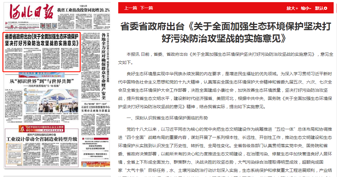 河北日报:省委省政府出台《关于全面加强生态环境保护坚决打好污染防治攻坚战的实施意见》
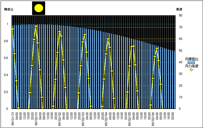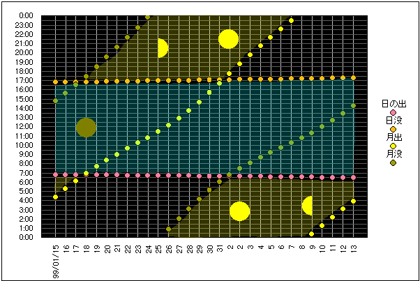 ![]() | 任意日時で月齢や月と太陽の位置や距離を算出します。 | |
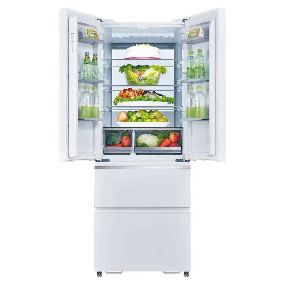 日式收納設計食材分層存放,整齊方便好管理 上冷藏下冷凍體貼設計減少彎腰次數,更符合大眾使用習慣。 冷藏室對開設計無須顧慮開門方向,更符合現代居家空間需求。 4門設計依需求開啟冷藏及冷凍室,減少耗能更省電。
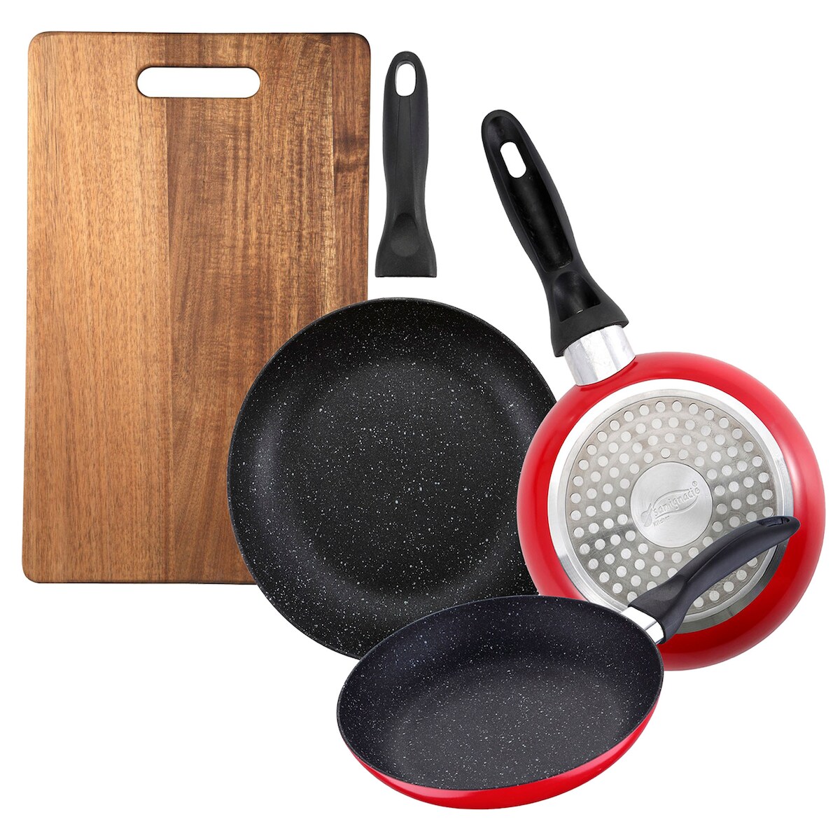 BERGNER - Set aus 3 Pfannen mit Marmorbeschichtung Ø16/Ø20/Ø24 cm Schneidebrett 40,3x25,2x2,5 cm aus Holz

● Your goal
Each line from the one with "任意日時で月齢や月と太陽の位置や距離を算出します。 | |" to the end of the material needs to be output word for word, with no picture included.

● Expected output
 ![]() | 任意日時で月齢や月と太陽の位置や距離を算出します。 | |
 日式收納設計食材分層存放,整齊方便好管理 上冷藏下冷凍體貼設計減少彎腰次數,更符合大眾使用習慣。 冷藏室對開設計無須顧慮開門方向,更符合現代居家空間需求。 4門設計依需求開啟冷藏及冷凍室,減少耗能更省電。
 BERGNER - Set aus 3 Pfannen mit Marmorbeschichtung Ø16/Ø20/Ø24 cm Schneidebrett 40,3x25,2x2,5 cm aus Holz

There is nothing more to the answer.